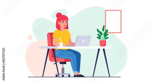 Персонаж молодой женщины-портнихи, шьющий на машинке в мастерской. Женщина-швея-модельер наслаждается хобби по рукоделию, домашний досуг векторная иллюстрация
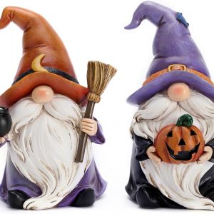 Valery Madelyn Halloween Decorations Indoor, 2 Pcs Resin Halloween Gnomes Decor for Home with Broom Witch Hat Jack O Lantern Moon, Collectible Figurines Elf Dwarf for Table Tiered Tray Outdoor, 3.6”
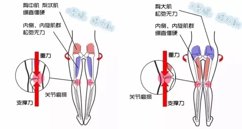 而X腿则是大腿内侧肌肉过紧,大腿外侧肌肉也很薄弱
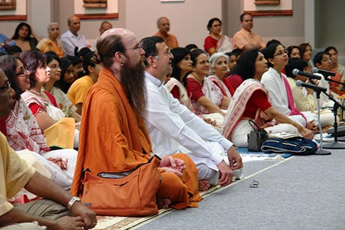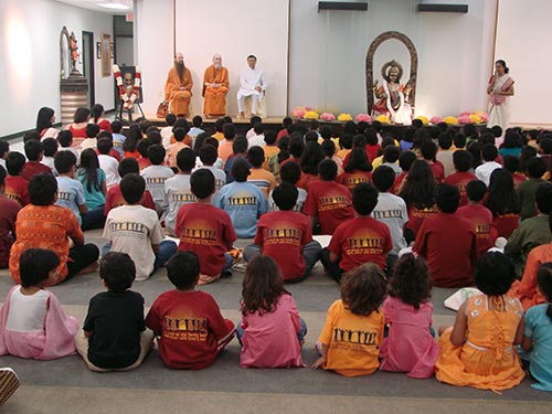 Between satsangs, a couple hundred of the Bal Vihar students sang a song that the wrote and practiced just to welcome and honor Bodhinatha.
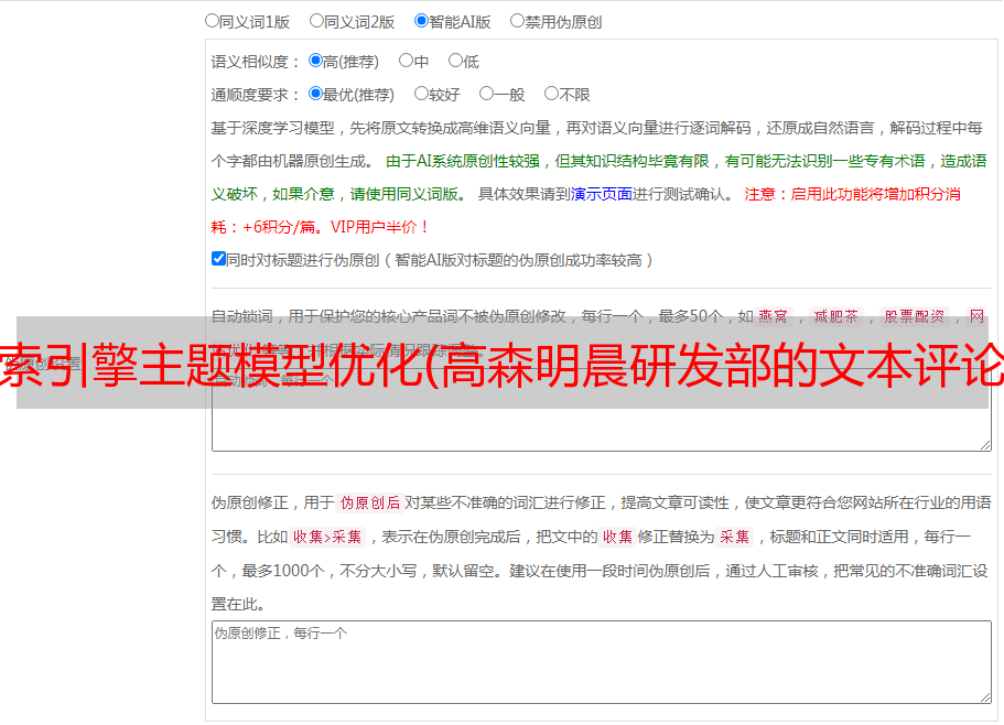 优采云 发布时间: 2021-12-26 01:11搜索引擎主题模型优化(高森明晨研发部的文本评论技术(TextSentiment)主题模型)
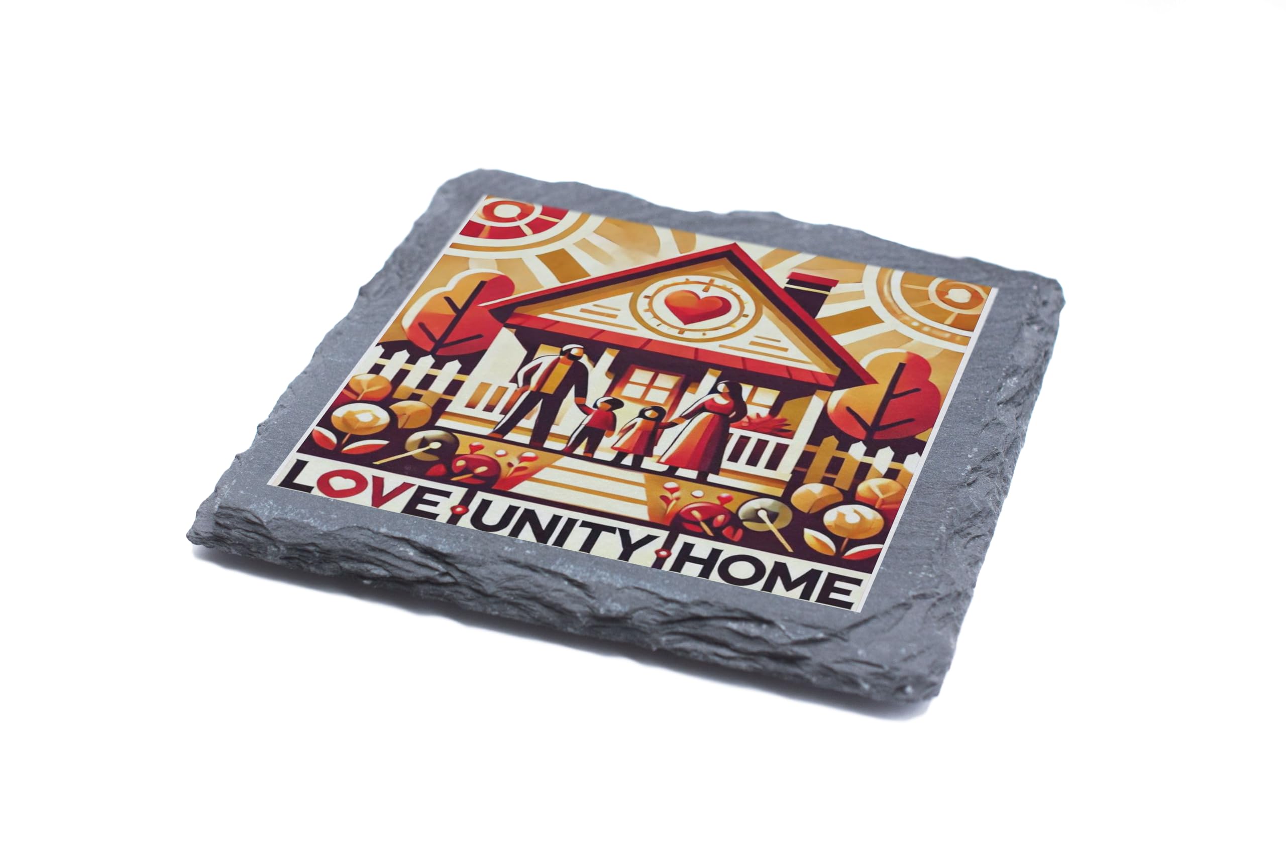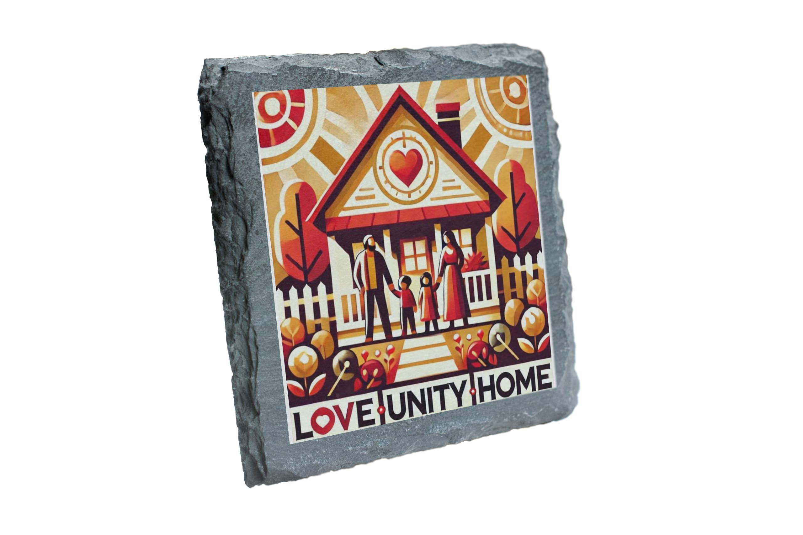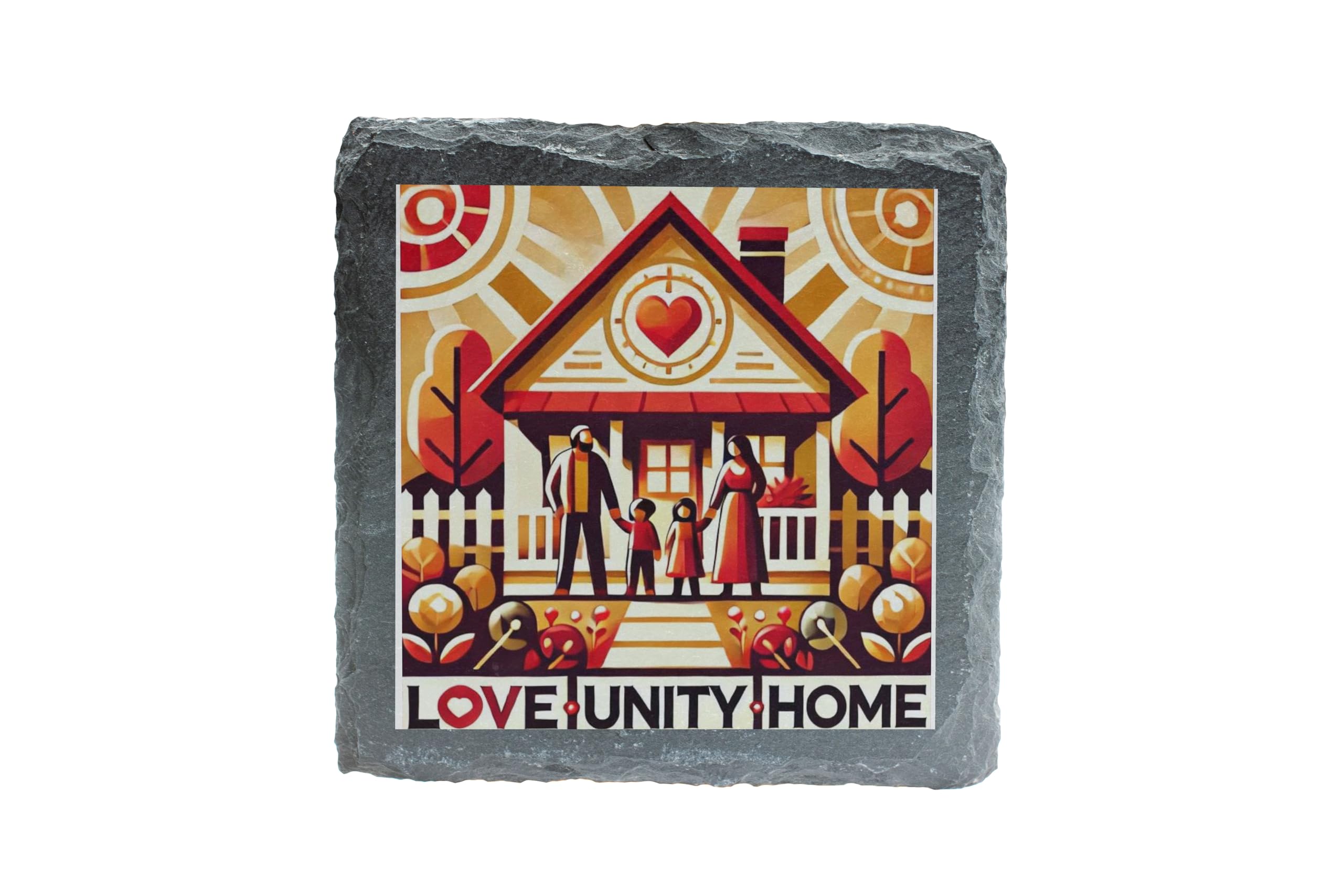 Love, Unity, Home Slate Coaster ? Warm Family Design for Housewarming & Gift Giving (slco-ds24-unityrg)
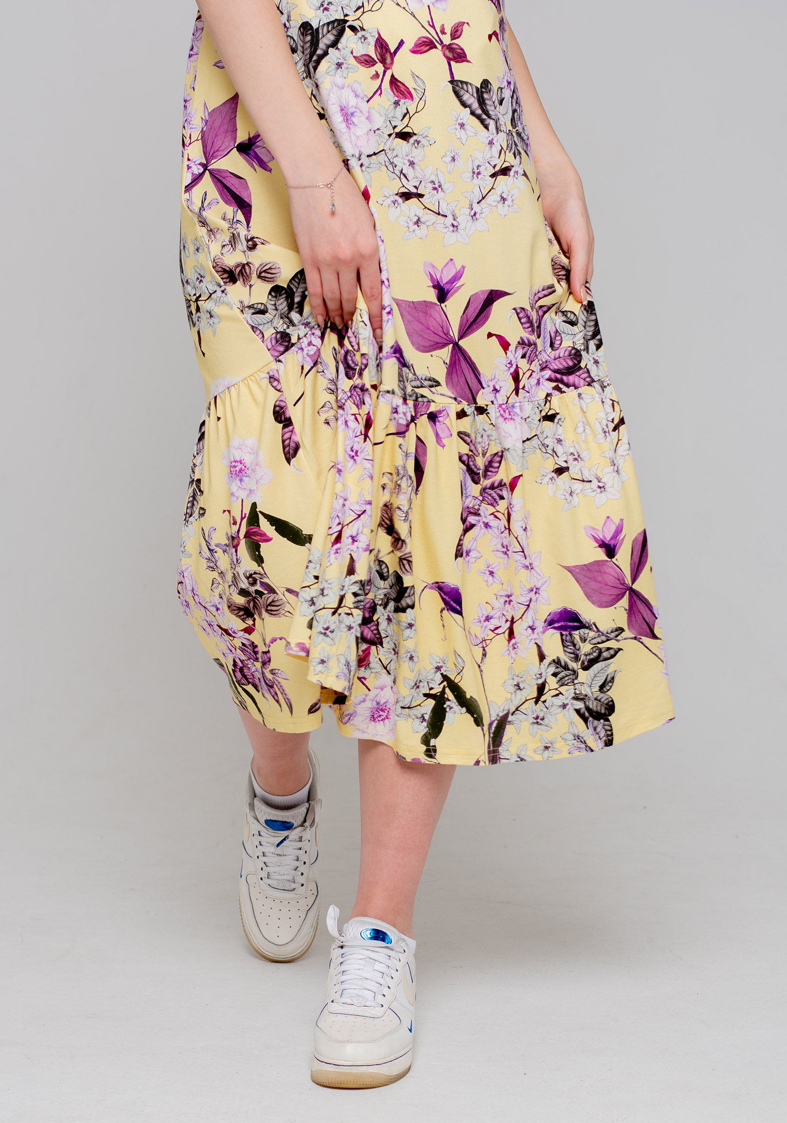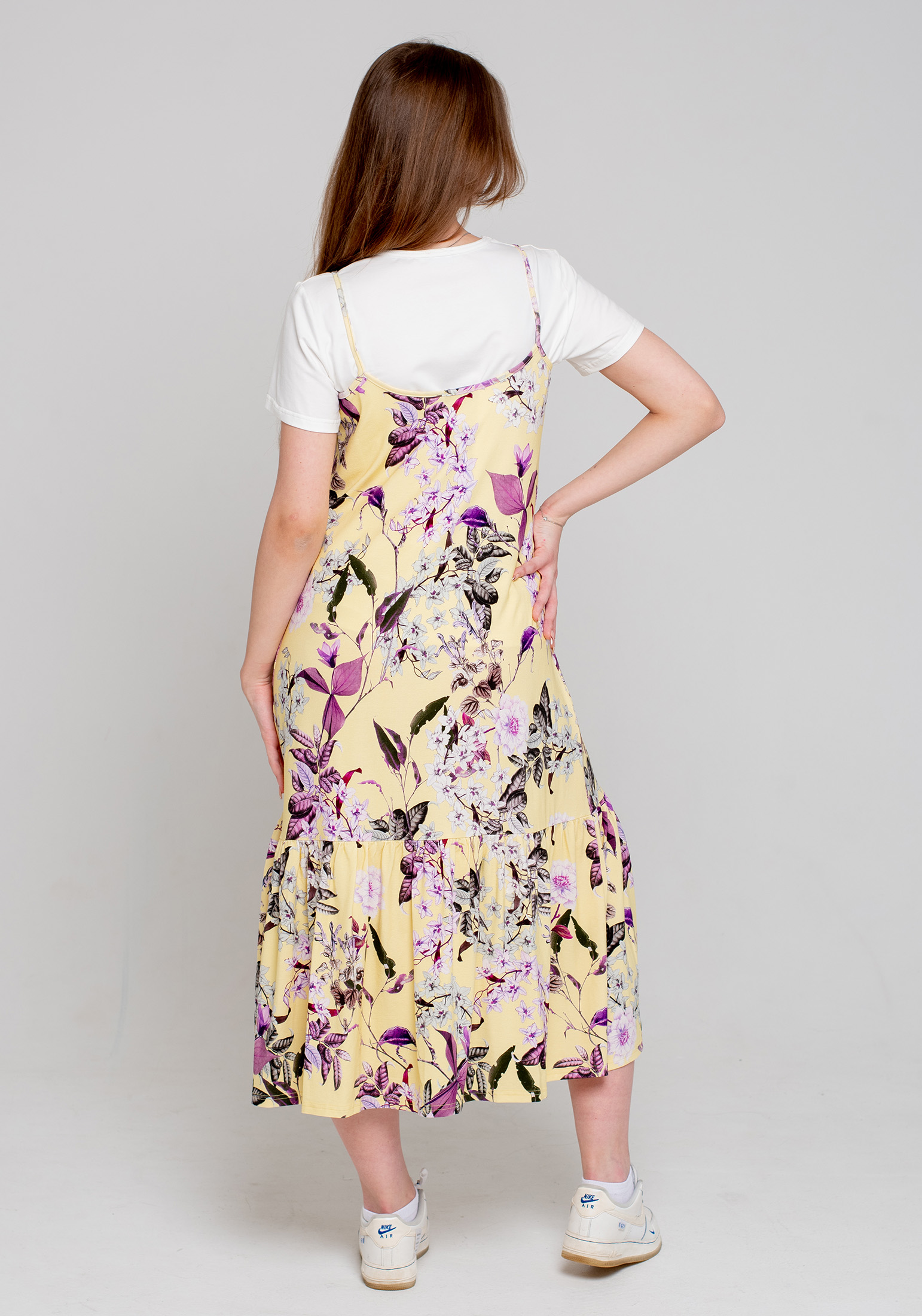 Женский сарафан на брителях свободного силуэта, выполнен из лёгкой вискозной ткани. По низу сарафана притачной волан. Удобная модель, скрывает недостатки фигуры, выгодно подчеркивая достоинства. Гладить с изнанки. Стирка при t не более 30С. Деликатный отжим, отбеливание запрещено.

──────────────────────────────

TASK PROMPT —
Using the data above, print only the lines starting at the one with "Valery Madelyn Halloween" and ending at the one with "优采云 发布时间: 2021-12-26", exactly as they stand, minus the pictures.

RESULT OF THIS EXERCISE —
 Valery Madelyn Halloween Decorations Indoor, 2 Pcs Resin Halloween Gnomes Decor for Home with Broom Witch Hat Jack O Lantern Moon, Collectible Figurines Elf Dwarf for Table Tiered Tray Outdoor, 3.6”
 而X腿则是大腿内侧肌肉过紧,大腿外侧肌肉也很薄弱
 Between satsangs, a couple hundred of the Bal Vihar students sang a song that the wrote and practiced just to welcome and honor Bodhinatha.
 优采云 发布时间: 2021-12-26 01:11搜索引擎主题模型优化(高森明晨研发部的文本评论技术(TextSentiment)主题模型)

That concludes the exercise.